Wanted Dead or a Wild

gvancn1
Uncategorized
April 20, 2026

Quick Stats

SpecDetail
Game nameWanted Dead or a Wild
ProviderHacksaw Gaming (Malta)
RTP96.38% default — operator-configurable down to 94.55%, 92.33% or 88.42% (source: Hacksaw Gaming official game page, SlotCatalog)
Volatility4/5 — high (Hacksaw Gaming’s own rating)
Max win12,500x stake
Min betA$0.20 per spin
Max betA$100 per spin
Paylines15 fixed paylines on a 5×5 grid
Bonus buy availableYes — 80x, 200x or 400x depending on feature (not available in UK)
Mobile compatibleYes — HTML5, iOS and Android
Free demo availableYes
Release date29 September 2021

What is Wanted Dead or a Wild?

Wanted Dead or a Wild is a high-volatility pokies game from Hacksaw Gaming, a Malta-based studio founded in 2018 that has built its reputation on high-ceiling, mathematically aggressive titles. It was released on 29 September 2021 and quickly became one of the most-streamed pokies in the world, with over 1.1 billion minutes watched on streaming platforms in 2022. The theme is a deliberately bleak Wild West — scorched earth, dead trees, a sun-bleached sky — rather than the cartoon-saloon aesthetic of most Western-themed pokies.

The core loop is simple on the surface. You spin a 5×5 grid looking to line up three or more matching symbols from the leftmost reel across one of 15 fixed paylines. What drives the game is the DuelReels mechanic: VS symbols that land as part of a winning combination expand to cover an entire reel, trigger a duel animation between two outlaws, and turn that full reel wild with a multiplier between 2x and 100x. If multiple VS symbols land on the same winning spin, their multipliers are added together before being applied to payline wins. Three separate bonus rounds sit on top of that base mechanic.
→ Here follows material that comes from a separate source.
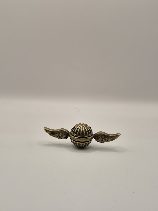 Spinner metálico con forma inspirada en una pelota de quidditch, compuesto por una esfera central y alas laterales simétricas. Su acabado envejecido remite a objetos mágicos de uso cotidiano, como si hubiera salido directo de una tienda especializada en artículos reglamentarios (y no tan reglamentarios). Gira con suavidad y buen peso, ideal para mantener las manos ocupadas mientras esperas tu turno, planeas hechizos o finges concentración.

This is not a pokies game for casual spinners. The hit rate is around 19.36% — roughly one winning spin in every five — and the base game symbols pay modestly on their own. The design is built around long periods of nothing followed by rare, potentially very large wins that usually come from the bonus rounds. If you’re used to the steady tempo of Lightning Link or Dragon Link in Australian pubs, the rhythm of this game will feel quiet for long stretches.
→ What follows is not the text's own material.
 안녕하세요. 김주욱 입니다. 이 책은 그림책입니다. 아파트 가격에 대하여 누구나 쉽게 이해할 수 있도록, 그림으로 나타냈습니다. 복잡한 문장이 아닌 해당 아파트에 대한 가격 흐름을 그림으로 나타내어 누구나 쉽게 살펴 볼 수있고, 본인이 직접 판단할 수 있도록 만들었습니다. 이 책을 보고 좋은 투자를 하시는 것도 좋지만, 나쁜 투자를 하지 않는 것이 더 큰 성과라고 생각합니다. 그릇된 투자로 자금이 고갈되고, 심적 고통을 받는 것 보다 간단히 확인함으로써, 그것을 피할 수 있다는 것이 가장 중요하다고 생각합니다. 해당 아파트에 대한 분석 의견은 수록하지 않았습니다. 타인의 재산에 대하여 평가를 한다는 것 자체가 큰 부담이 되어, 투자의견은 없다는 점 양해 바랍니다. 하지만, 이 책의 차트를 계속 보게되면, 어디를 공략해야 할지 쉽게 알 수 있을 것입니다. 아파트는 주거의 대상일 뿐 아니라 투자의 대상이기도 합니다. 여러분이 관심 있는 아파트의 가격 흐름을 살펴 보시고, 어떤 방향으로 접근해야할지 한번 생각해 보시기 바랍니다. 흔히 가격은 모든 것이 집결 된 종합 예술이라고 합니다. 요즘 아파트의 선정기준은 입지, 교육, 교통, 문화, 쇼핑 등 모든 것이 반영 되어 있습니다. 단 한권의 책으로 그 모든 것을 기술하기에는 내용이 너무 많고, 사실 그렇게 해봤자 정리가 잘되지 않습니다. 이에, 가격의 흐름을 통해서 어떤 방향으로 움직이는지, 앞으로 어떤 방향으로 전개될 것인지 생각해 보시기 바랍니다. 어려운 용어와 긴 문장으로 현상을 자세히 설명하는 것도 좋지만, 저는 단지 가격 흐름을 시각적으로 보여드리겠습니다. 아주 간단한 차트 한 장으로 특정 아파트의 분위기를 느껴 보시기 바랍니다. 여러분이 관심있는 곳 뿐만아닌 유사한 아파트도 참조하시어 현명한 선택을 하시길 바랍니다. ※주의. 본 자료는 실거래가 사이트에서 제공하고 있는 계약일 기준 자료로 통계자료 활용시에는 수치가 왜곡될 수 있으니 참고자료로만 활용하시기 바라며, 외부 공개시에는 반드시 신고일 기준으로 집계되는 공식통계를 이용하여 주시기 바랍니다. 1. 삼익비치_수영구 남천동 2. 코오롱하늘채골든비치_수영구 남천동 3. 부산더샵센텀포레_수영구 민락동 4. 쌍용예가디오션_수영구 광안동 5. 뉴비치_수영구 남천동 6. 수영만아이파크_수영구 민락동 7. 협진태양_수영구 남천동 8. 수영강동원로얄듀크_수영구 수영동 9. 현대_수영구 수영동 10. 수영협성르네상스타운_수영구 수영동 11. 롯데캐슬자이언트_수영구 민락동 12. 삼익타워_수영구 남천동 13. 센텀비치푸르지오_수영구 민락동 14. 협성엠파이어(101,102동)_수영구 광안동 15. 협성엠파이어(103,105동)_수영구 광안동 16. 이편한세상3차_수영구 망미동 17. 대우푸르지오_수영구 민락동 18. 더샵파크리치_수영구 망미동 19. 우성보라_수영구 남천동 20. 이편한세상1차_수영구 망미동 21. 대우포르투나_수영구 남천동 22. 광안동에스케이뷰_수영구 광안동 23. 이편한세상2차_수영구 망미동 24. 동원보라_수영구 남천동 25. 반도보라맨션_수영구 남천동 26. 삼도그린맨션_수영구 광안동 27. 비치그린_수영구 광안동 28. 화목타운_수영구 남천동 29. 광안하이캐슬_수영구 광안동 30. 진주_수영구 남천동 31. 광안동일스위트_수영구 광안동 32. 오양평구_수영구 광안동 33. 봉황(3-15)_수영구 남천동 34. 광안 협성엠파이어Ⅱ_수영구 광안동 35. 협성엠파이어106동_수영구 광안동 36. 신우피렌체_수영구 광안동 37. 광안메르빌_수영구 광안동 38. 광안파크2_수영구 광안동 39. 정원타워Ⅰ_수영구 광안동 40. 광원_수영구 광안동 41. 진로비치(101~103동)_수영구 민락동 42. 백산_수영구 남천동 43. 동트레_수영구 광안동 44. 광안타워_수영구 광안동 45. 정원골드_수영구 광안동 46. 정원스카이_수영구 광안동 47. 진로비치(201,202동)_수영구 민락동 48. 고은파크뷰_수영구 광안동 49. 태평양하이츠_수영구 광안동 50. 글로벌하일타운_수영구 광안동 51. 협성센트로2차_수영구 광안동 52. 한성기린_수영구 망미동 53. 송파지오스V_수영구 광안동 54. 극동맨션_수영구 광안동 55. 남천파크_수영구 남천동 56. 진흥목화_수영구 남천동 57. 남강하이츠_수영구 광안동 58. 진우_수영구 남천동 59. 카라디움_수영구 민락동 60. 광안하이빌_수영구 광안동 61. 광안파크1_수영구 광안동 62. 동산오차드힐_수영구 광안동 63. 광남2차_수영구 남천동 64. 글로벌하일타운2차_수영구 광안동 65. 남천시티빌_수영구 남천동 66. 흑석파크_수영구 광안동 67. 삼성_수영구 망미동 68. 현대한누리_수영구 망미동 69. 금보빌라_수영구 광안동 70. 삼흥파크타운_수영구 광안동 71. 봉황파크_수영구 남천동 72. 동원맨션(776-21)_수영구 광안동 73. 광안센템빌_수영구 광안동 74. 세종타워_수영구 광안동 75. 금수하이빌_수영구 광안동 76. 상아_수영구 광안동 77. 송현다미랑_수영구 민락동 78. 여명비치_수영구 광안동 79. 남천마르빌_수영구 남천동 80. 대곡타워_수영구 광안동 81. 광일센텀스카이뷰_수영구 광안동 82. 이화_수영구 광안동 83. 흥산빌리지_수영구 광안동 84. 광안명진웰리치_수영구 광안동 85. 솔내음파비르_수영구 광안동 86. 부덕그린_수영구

How Wanted Dead or a Wild plays

  • Set your bet in AUD. At offshore platforms supporting AUD, the stake range runs from A$0.20 to A$100 per spin. Use the up and down arrows next to the spin button.
  • Spin the reels. Press the centre button to spin. Turbo spin and autoplay are both available, with autoplay including loss-limit and single-win-limit stops.
  • Look for winning combinations. Wins require three or more matching symbols on a payline, starting from the leftmost reel. High-paying symbols include the revolver barrel, money bag, whiskey bottle and outlaw skull. Low-paying symbols are playing cards 10 through A.
  • Watch for VS symbols. When a VS symbol lands as part of a winning combination, it expands to fill the whole reel, triggers a duel, and applies a 2x–100x multiplier to that reel.
  • Trigger bonus rounds via scatters. Three or more Train Robbery, Duel or Dead scatters trigger the corresponding bonus round. These are described in detail below.
  • Consider the bonus buy — with caution. Players in jurisdictions where bonus buy is permitted can purchase direct entry into a bonus round for 80x, 200x or 400x the base bet.
  • End the session when your pre-set budget runs out. This is a high-volatility pokies machine. Long losing runs are mathematically normal, not bad luck.
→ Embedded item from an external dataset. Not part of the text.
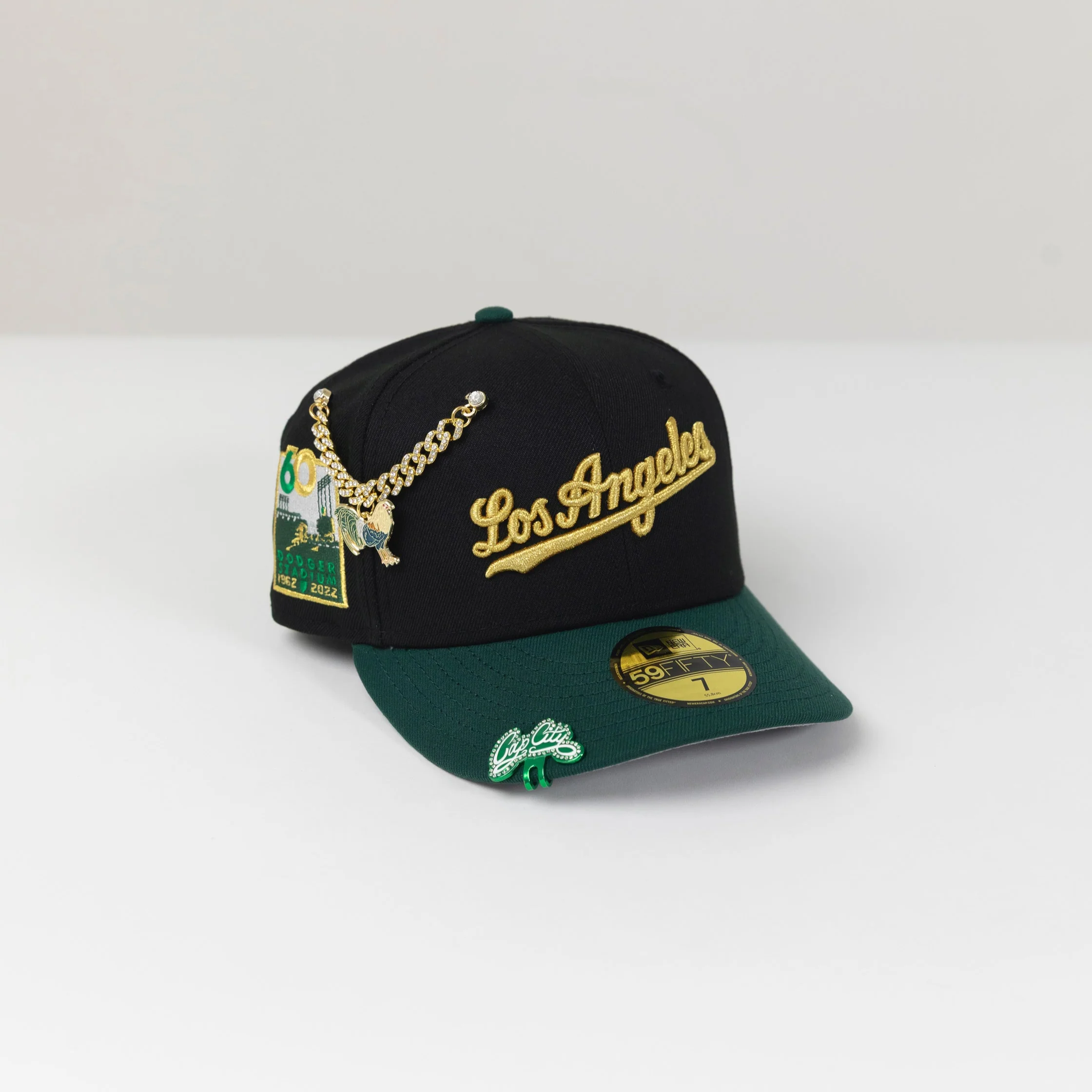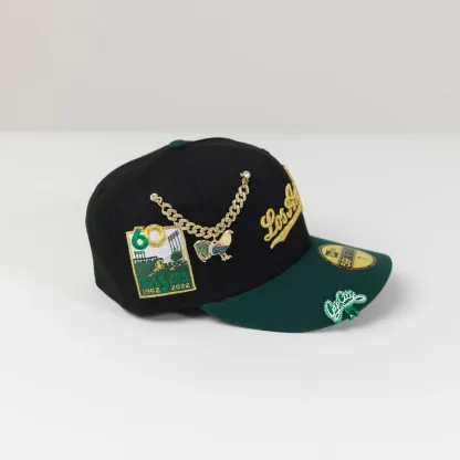 NEW ERA 59FIFTY BLACK/ FOREST GREEN LOS ANGELES DODGERS SCRIPT W/ 60TH ANNIVERSARY SIDE PATCH
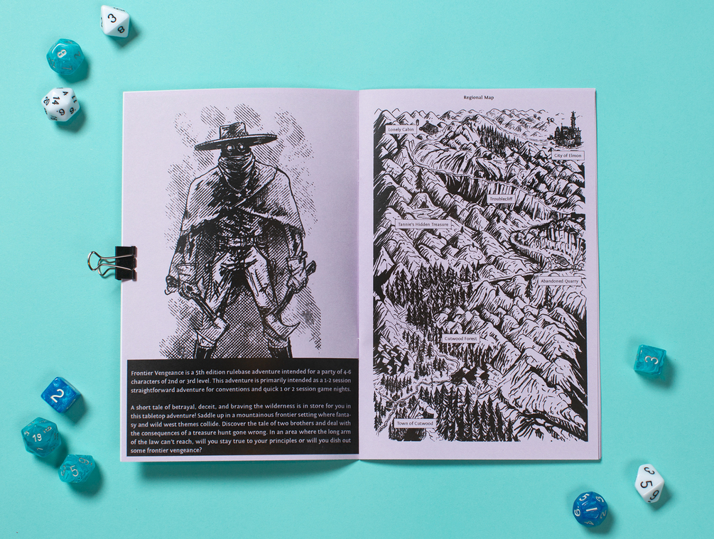 Frontier Vengeance is a 5th edition rulebase adventure intended for a party of 4-6 characters of 2nd or 3rd level. This adventure is primarily intended as a 1-2 session straightforward adventure for conventions and quick 1 or 2 session game nights.

    Bonus features and special mechanics

    DuelReels (base game and free spins)

    Triggered whenever a VS symbol lands as part of a winning combination. The VS symbol expands to cover the full reel, two outlaws duel, and the winning multiplier (2x to 100x) is applied to the entire reel, which becomes wild. When multiple VS symbols land on the same spin, their multiplier values are added together before being multiplied against any payline wins. In practical terms, most base game wins involving VS symbols will sit in the 2x–10x range; the 100x outcomes are rare.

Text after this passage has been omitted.